Nov 12 2007

Pessoas

Tô furiosa hoje!!! Eu percebo que to sento grossa com as pessoas mas não consigo evitar.  Tenho que me esforçar pra ficar quieta porque é melhor.
Não sei porque eu fico assim… Eu sinto um ódio tão grande de todas as pessoas ao meu redor… dá vontade de sumir e ficar sozinha, ir pra praia, pra longe.
Alguns dias não são bons pro convívio. A voz dos pessoas me irrita, o cheiro, tudo.
Que saco…
Sorte que eu sei que passa.
É só esperar.
Vou marcar consulta com outro psiquiatra. Não to muito feliz com o que eu to indo. Quero voltar pro Wirmond, que me tratou bem no início, mas ele não tem convênio e fica tão caro… mas vou lá mesmo assim pelo menos uma vez. Acho mais seguro. To sentindo que as cosias não estão indo muito bem e eu penso demais em parar de tomar o lítio. Eu to confiando que ele vai me ajudar (salvar!)
Queria poder conversar com alguém que me entendesse. EU não tenho amigos.
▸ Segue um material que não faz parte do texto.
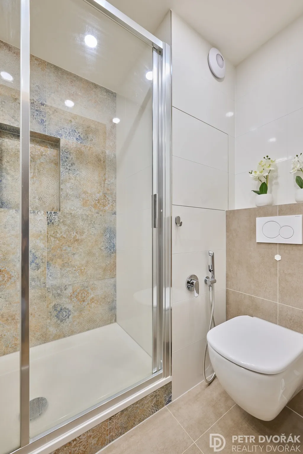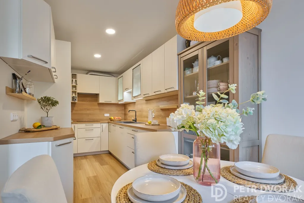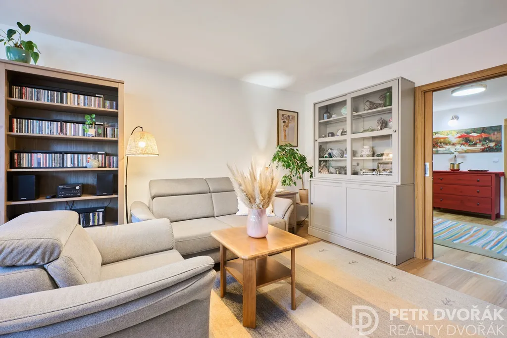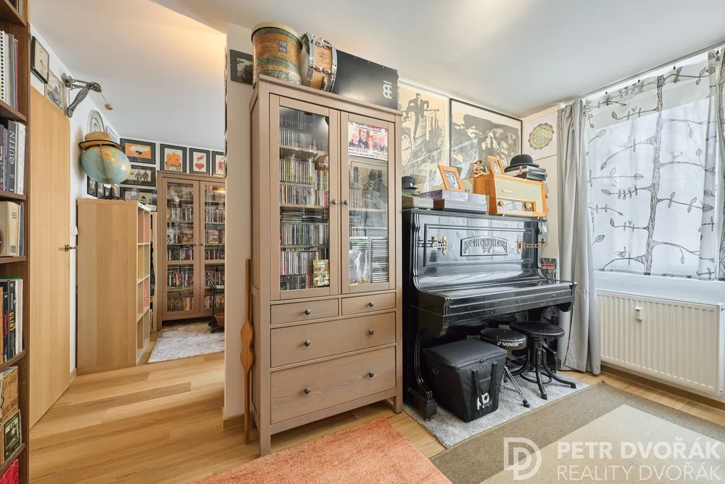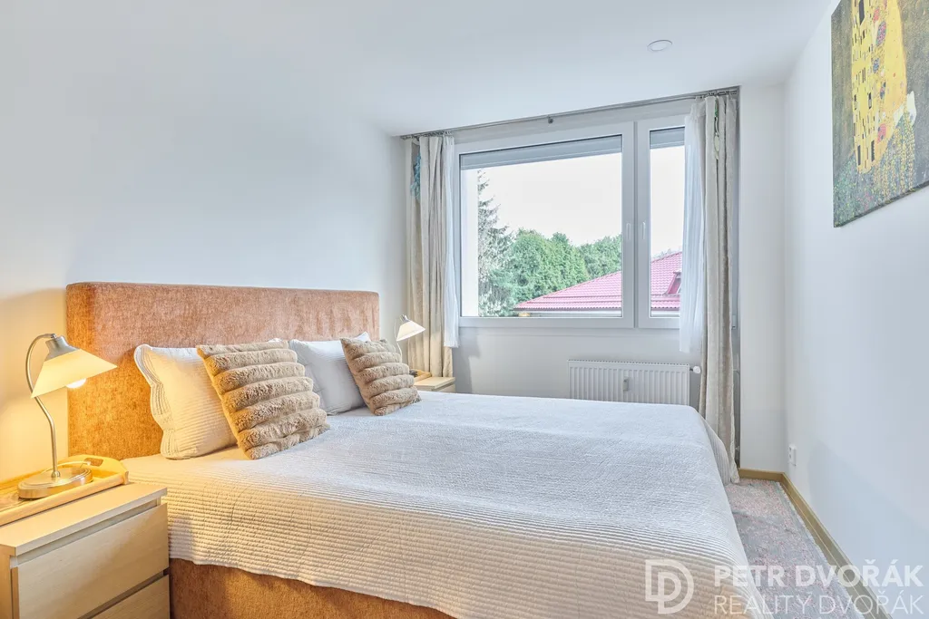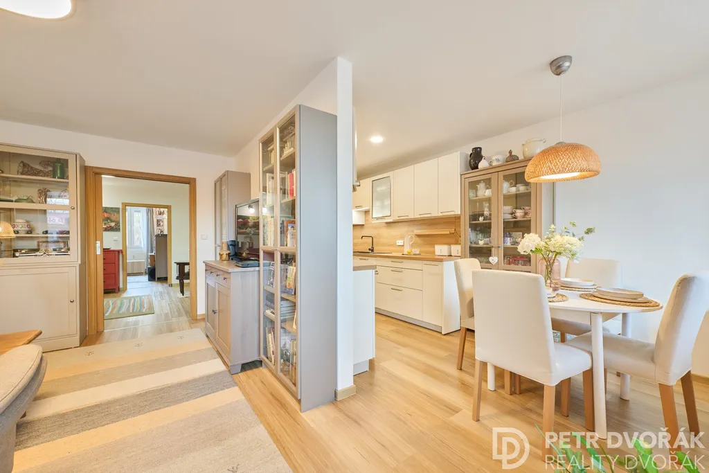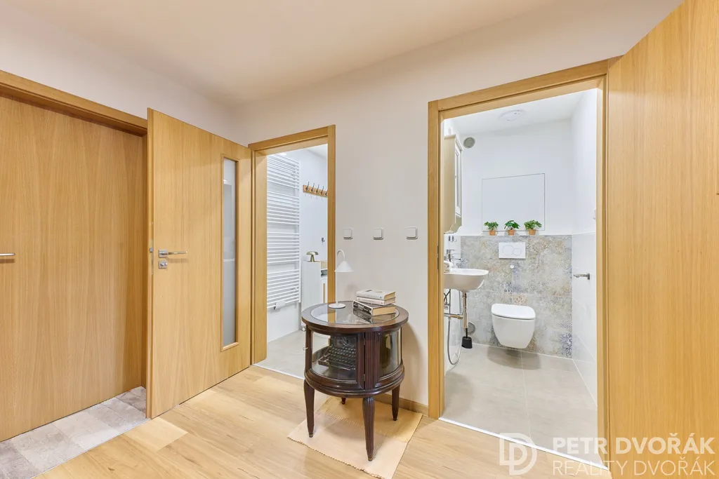 Byt prošel v roce 2024 kompletní rekonstrukcí odbornou firmou — nové rozvody elektřiny a vody, radiátory, podlahy včetně podkladů, kuchyňská linka i spotřebiče. Trojskla jsou vybavena elektricky ovládanými roletami na dálkové ovládání. Akusticky upravené stěny a stropy zajišťují skutečný klid v každé části bytu. Interiér dokreslují dveře z dubové dýhy sladěné s podlahou.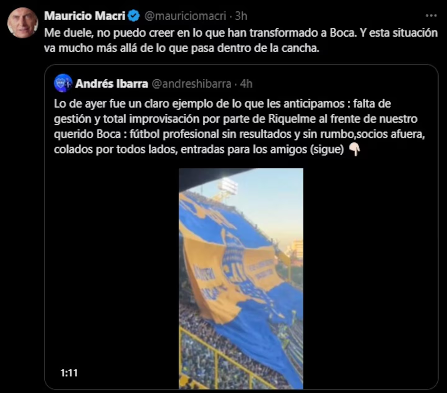 No es la primera vez que Macri habla de Boca o critica a Riquelme. En el último Superclásico que el Xeneize perdió 1-0 ante River en la Bombonera, el exmandatario utilizó su cuenta de X para expresarse. “Me duele, no puedo creer en lo que han transformado a Boca. Y esta situación va mucho más allá de lo que pasa dentro de la cancha”, escribió citando un tuit de Andrés Ibarra, quien encabezó la fórmula opositora en las últimas elecciones.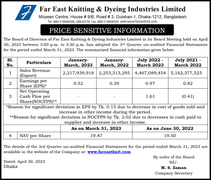 Price Sensitive Information of Far East Knitting & Dyeing Industries Limited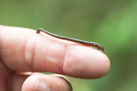 Julida is an order of millipedes on the man's hand.
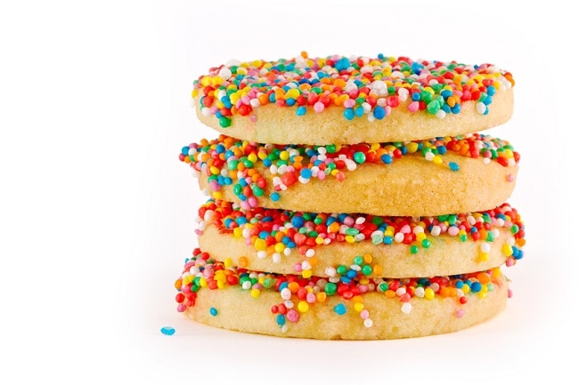 Sugar Cookies with White Chocolate Frosting & Sprinkles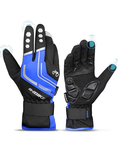 INBIKE Gants Velo Homme VTT Hiver Cyclisme de Route Chaud Thermique Impremeable Tactile Femme Gant Cycliste Chauffant Travail Gel Rembourre Coupe-Vent Bleu M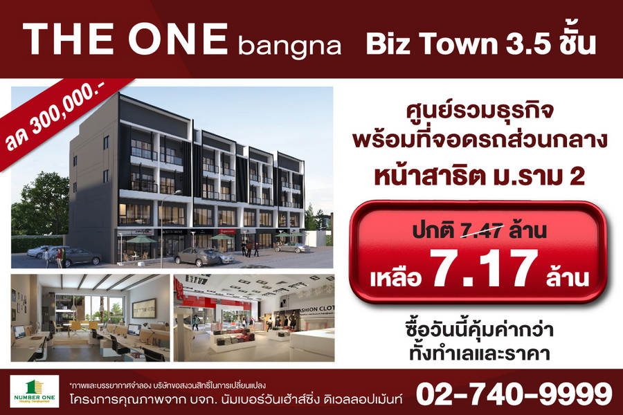 นัมเบอร์วันเฮ้าส์ซิ่ง ดิเวลลอปเม้นท์ เปิดจอง THE ONE bangna Biz town 3.5 ชั้น เริ่ม 7.17 ล้านบาท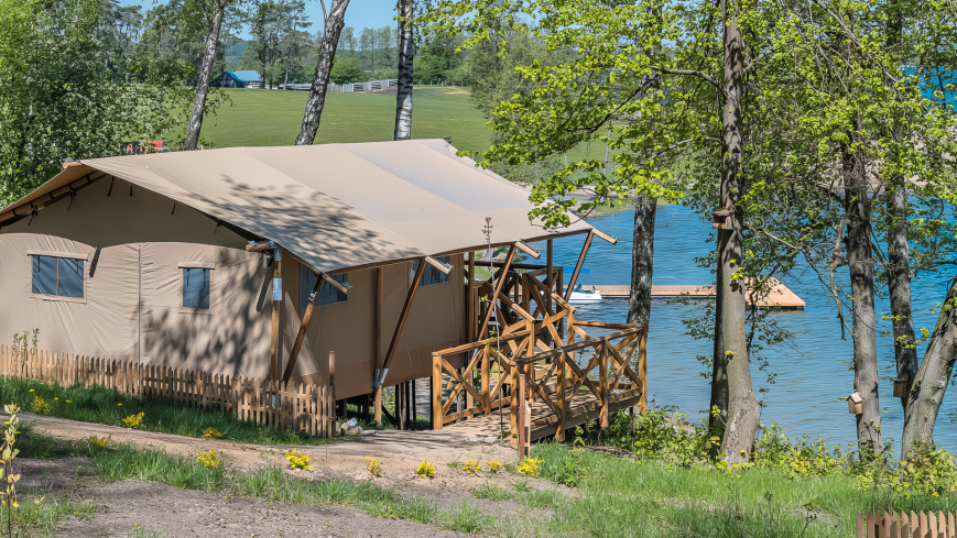 Goście zakwaterowani są w nowoczesnych, w pełni wyposażonych namiotach glampingowych, które łączą bliskość natury z wygodą apartamentu. Każdy namiot posiada prywatny taras z widokiem na jezioro, aneks kuchenny, komfortową część wypoczynkową, oddzielne sypialnie oraz nowoczesną łazienkę. Przemyślany układ wnętrz zapewnia wygodę zarówno parom, rodzinom z dziećmi, jak i mniejszym grupom.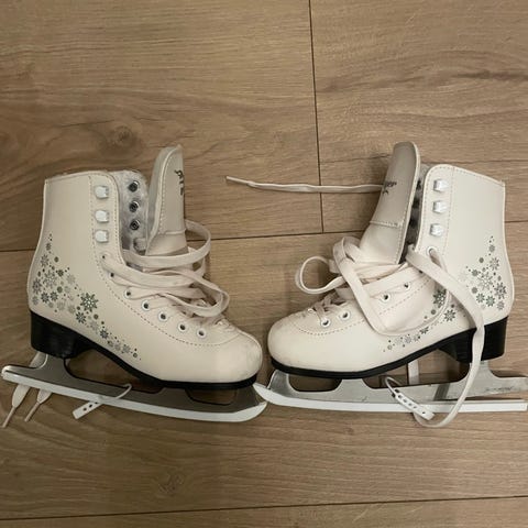Pent brukte danseskøyter i str 29, med teddyfôr for å holde små tær varme på isen.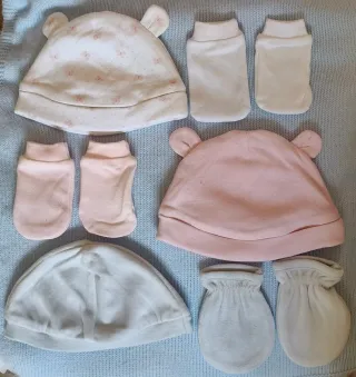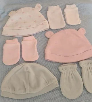 Conjunto de gorro y manoplas para recién nacido en 100% algodón sin estrenar. 2 € la unidad. - Gorro blanco con estampado de mariposas con orejitas y a juego manoplas blancas. - Gorro rosa con orejitas y a juego manoplas rosas. - Gorro azul claro con manoplas a juego.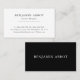 Cartão de visita profissional para ele, em preto clássico e branco com um layout simples. Seu nome está no topo em uma fonte serif grande junto com seu título. Abaixo está uma linha fina que separa suas informações de contato com seu número de telefone e número de fax em negrito. A parte de trás é preta com seu nome em branco. Um design básico e simples é excelente para o minimalista, mas ainda se vê tão elegante. Este cartão de visita é perfeito para um homem de negócios moderno.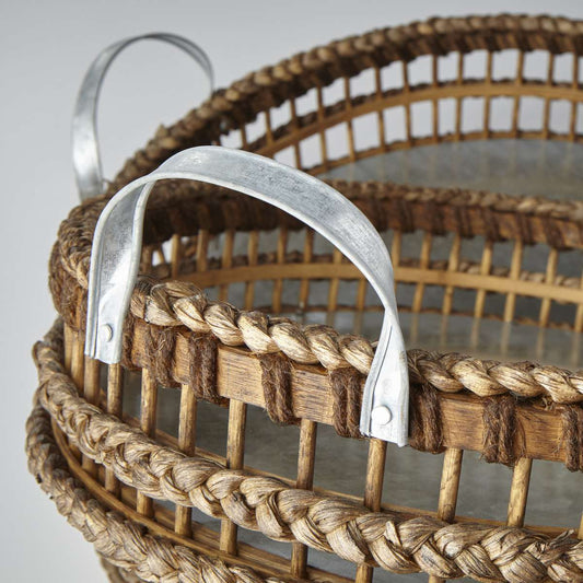 Round Shaped Bamboo Tray With Curved Handle, Se... Round Shaped Bamboo Tray With Curved Handle, Set Of 2, Brown By Benzara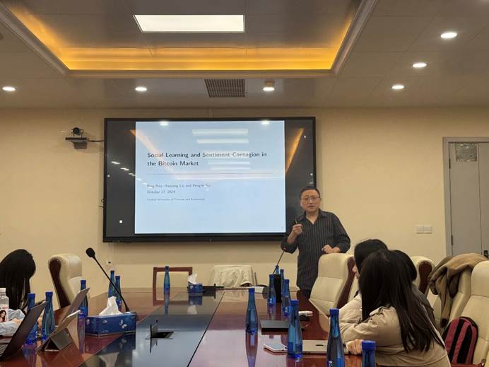 2024年10月17日下午,太阳集团tyc539主办的经济与金融名家论坛第140期讲座在沙河校区公司楼3号楼127会议室顺利举办。多伦多大学韩冰教授以“Social Learning and Sentiment contagion in the Bitcoin Market”为题展开了精彩报告,太阳集团tyc53960余名师生参加了讲座。
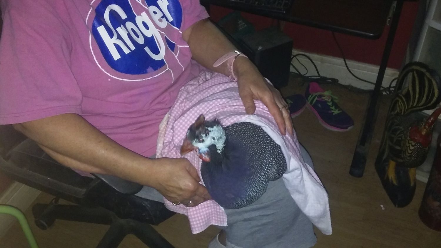 Oh, D - the snow just makes us tough old birds, up here in the north country. I look forward to having an excuse for acting like a little kid to go sledding down our hill. Gotta love it or leave it! Bundle up down there in the south with your cold front of 76 degrees coming through. Maybe wearing some of those guinea fowl leggings will help! Happy Thanksgiving!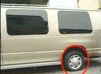这辆爆胎的厢型座车,采全车防弹设计,前后挡风玻璃有强化防弹功能,车身底盘也配备防爆钢板,内部还衬有防爆地毯。座车后门预留架设枪枝的枪口,但外观上难以察觉,须在紧急时刻由内部撞穿铺设后门的防弹板后,即刻架设枪枝进行护卫任务。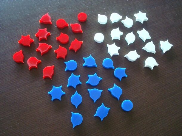 XATS is a game that uses the spare parts generated when cutting the spiked holes of the tiles for the game Stax (Cameron Browne - 2011). Néstor decided to ‘recycle’ these tiles by designing a game for them. XATS is a boardless game where 2 or 3 players create and destroy towers while trying to match the number of tiles on their reserve with the number of...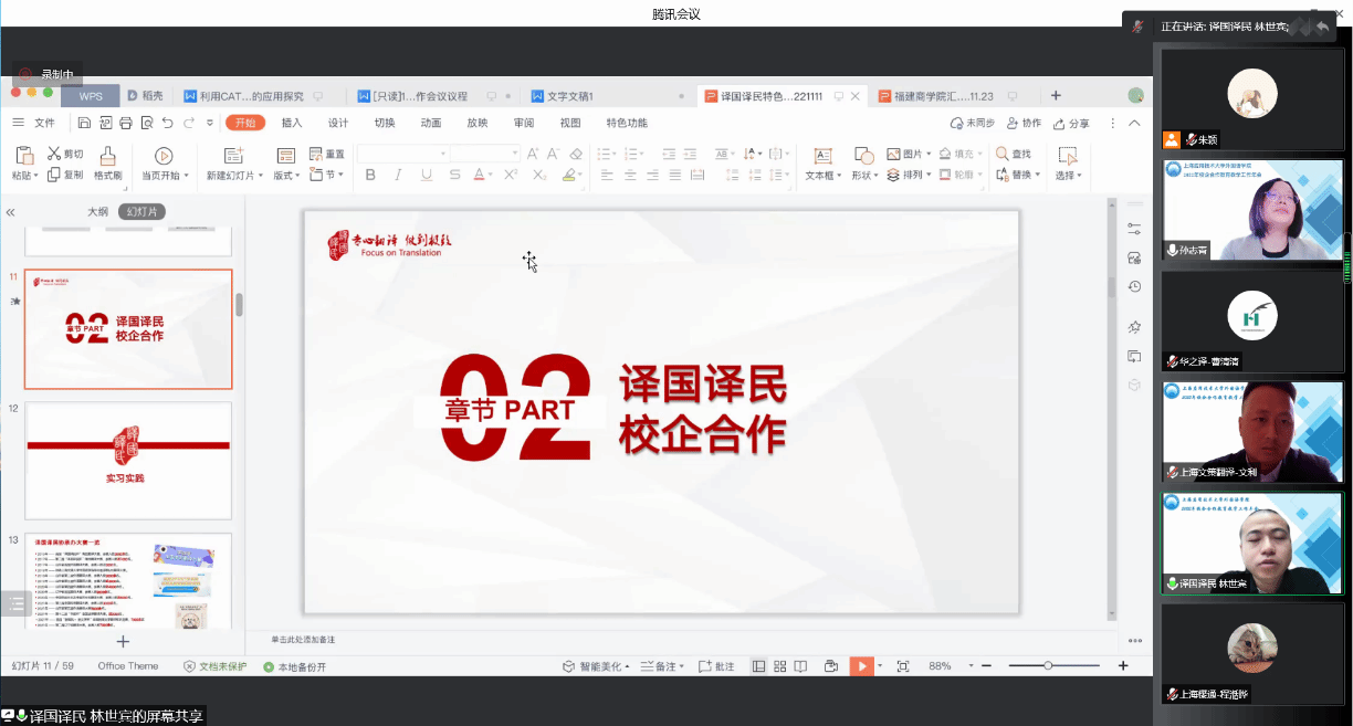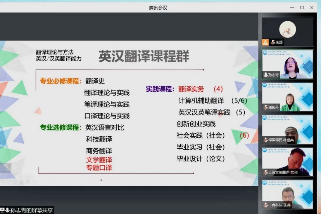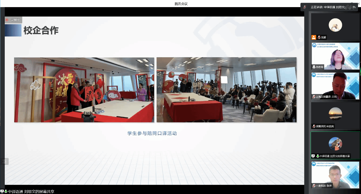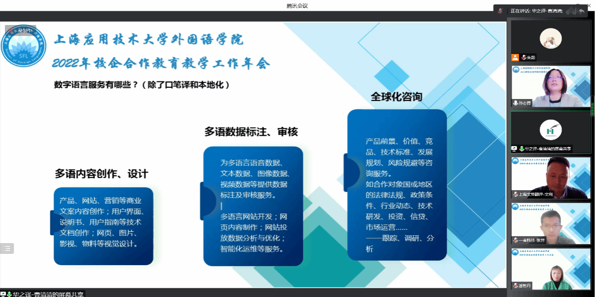 Sun introduced the faculty structure of the SFL, the curriculum of translation courses, the construction of translation teachers, and the cooperation vision of the enterprise. Focusing on the curriculum construction, practice and graduation design, she analyzed the cooperation points with enterprises, and hoped that the participating enterprises could participate more in the curriculum construction of teaching, so as to provide more opportunities for students to practice.

A única pessoa que me ouve e com quem eu possos er eu mesma é a namorada mas as vezes me dá pena dela porque eu vejo que ela não tem mais tanta paciência…
Li um texto, um depoimento talvez não sei como descrever na internet, no site
www.bipolaridade.com.br, de uma pessoa que eu não conheço de pseudonimo “leitor” que me chamou a atenção. Ele conseguiu dizer em poucas palavras EXATAMENTE como eu me sinto em relação aos “outros”. Vou copiar aqui, espero que ele não se importe.
“Para um bipolar não há muitas opções, ao meu ver apenas duas:
-Ou vc vive intensamente suas “loucuras” e lógico, as dramáticas conseqüências;
-Ou vc se apega a algum comportamento pré estabelecido tentando,
desesperadamente, nele se manter para não errar e sofrer tanto.
No meu caso, em particular, o caminho escolhido foi o da “conveniência conservadora”
que me permitiu manter o que o senso comum chama de ser “bem sucedido”
(família, profissão, finanças,respeito social, etc) enfim tudo dentro dos padrões.
Mas não são os meus padrões, o meu querer é instável e na maior parte do tempo eu não quero nada!
Nem mesmo transgredir! Não sei lidar com a fraqueza do carácter humano, não gosto de “gente”,
embora sinta pena da condição humana. As minhas ironias e provocações tem dois propósitos:
Contrariar o estabelecido e eliminar a passividade das pessoas, numa tentativa de deixa-las,
talvez, um pouco mais interessantes aos meus olhos. Elas, inclusive vc, não são indefesas por
isso espero que se defendam com dignidade. Se demonstrarem apenas a indiferença sem graça do senso comum,
não haverá surpresa alguma, pois estarão apenas exercendo o livre direito à mesmice!”

Fiquei surpresa… eu poderia ter escrito isso.
Tá aí uma pessoa que eu gostaria de conhecer… e principalmente… deixar me conhecer.